Alles, das sagen selbst seine Kritiker, kann der Präsident gar nicht falsch gemacht haben. Wurde mit Stephan Schippers nicht ein kompetenter Finanzfachmann in der Geschäftsleitung installiert? Schippers, an der Bökelstraße aufgewachsen, ist als Kind bei Spielen am Bökelberg stets über den Zaun geklettert, und wenn man ihn im Borussia-Park besucht, spricht er erst leidenschaftlich über Bilanzen und Leitbilder und sagt abschließend: "Niemand, der hier arbeitet, macht einen 08/15-Job." Das gilt nicht zuletzt für Christian Ziege, den Königs zum Sportdirektor machte. Ziege hat schon beim FC Bayern, beim FC Liverpool und bei AC Mailand gekickt und 72 Länderspiele absolviert. Ziege meint: "Ich versuche schon weiterzugeben, was ich erlebt habe, ich denke, das ist ein Plus." Max Eberl bringt es auf den Punkt: "Man hat durchaus eine Strategie, so ist es nicht, die Frage ist nur: Wie viel Handlungsspielraum bleibt einem? Der Druck von außen ist immens."

VII.

Es ist Freitag, der Tag vor dem Spiel gegen den 1. FC Köln. Eberl, Jugendkoordinator bei Borussia, sitzt in der Küche des Fußballinternats. Er ist ein kleiner, kräftiger Mann. Eberl war Publikumsliebling, als er noch für die Borussia spielte. Typ Kämpfer mit Herz. "Ich war nie der Netzer, aber ich bin immer mit einem dreckigen Trikot vom Platz gegangen." Talent zu haben ist im Sport eine Sache, Charakter eine andere. "Wer bei uns im Internat landet, bei dem geht die Tendenz zum bezahlten Fußball", sagt Eberl, "aber entscheidend für den Erfolg sind letztlich Wille, Einstellung, Disziplin." So wie er das gelernt hat im Internat des FC Bayern München. Einmal rief ihn Trainer Gerland morgens an: "Eberl, was machst du?" Eberl: "Ich frühstücke, dann komme ich." Gerland: "Du kommst sofort!" Und nach dem Training arbeiteten beide im Fanshop bis um sechs Uhr abends.

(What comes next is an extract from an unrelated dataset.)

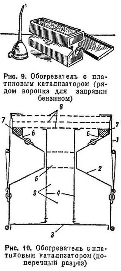 Ещё интереснее подогреватели, которые не использовали открытое горение. Это беспламенные каталитические обогреватели. Их действие было основано на химической реакции паров бензина, которые проходили через раскалённый катализатор. Он представлял собой асбестовую вату, пропитанную солями хлорной платины или солями окиси меди и хрома. Их часто называли «платиновыми». Вот такой подогреватель под названием «Промотор»: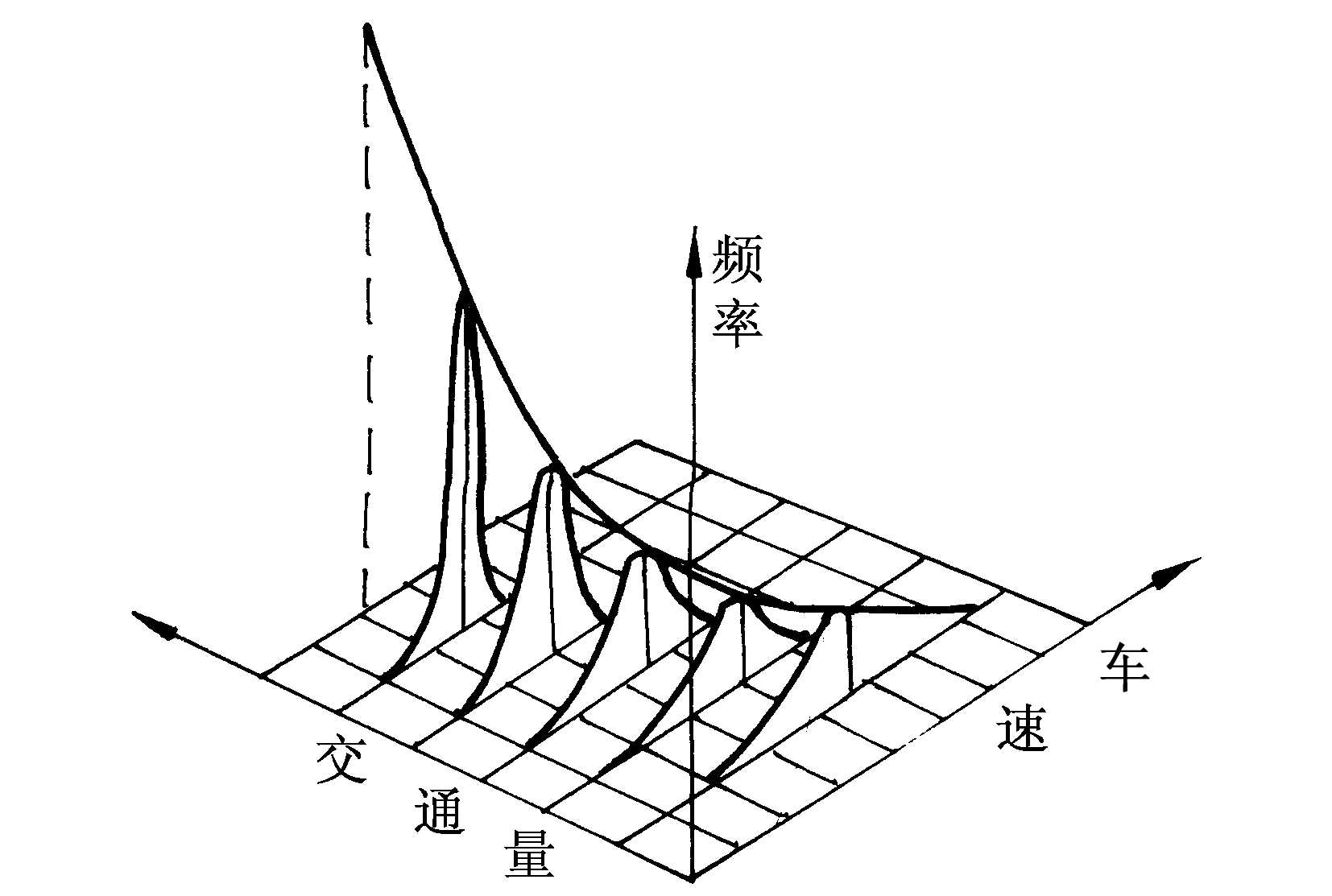 图(b) 某高速公路外侧车道车速分布与交通量的关系

Elf Jugendliche sind im Internat der Borussia untergebracht. Sie haben ein Apartment, einen Gemeinschaftsraum, Flachbildfernseher, Spielezimmer mit Billardtisch; sie haben Nachhilfelehrer, wenn es in der Schule nicht läuft, einen Psychologen, wenn das Heimweh zu stark wird. Und sie haben Birgitt Lintjens. Frau Lintjens ist Ersatzmutter, Kummerkasten, Mädchen für alles. Sie spielt mit den Jungs Stadt-Land-Fluss, und ihre Pfannkuchen mit Apfelmus, Zimt und Zucker sind der Favorit auf der Speisekarte. "Ich sehe hier keine kleinen Fußballer", sagt Frau Lintjens, die drei Söhne hat, "für mich sind sie wie meine eigenen Kinder." Sie wisse noch, als Marko Marin damals ankam, ein kleiner, schüchterner Kerl. Als er einmal krank war, legte sie ihm ihren Pudel Luna zum Kuscheln ins Bett. Marin gab kürzlich sein Debüt in der Nationalmannschaft. Da hatte Frau Lintjens Tränen in den Augen.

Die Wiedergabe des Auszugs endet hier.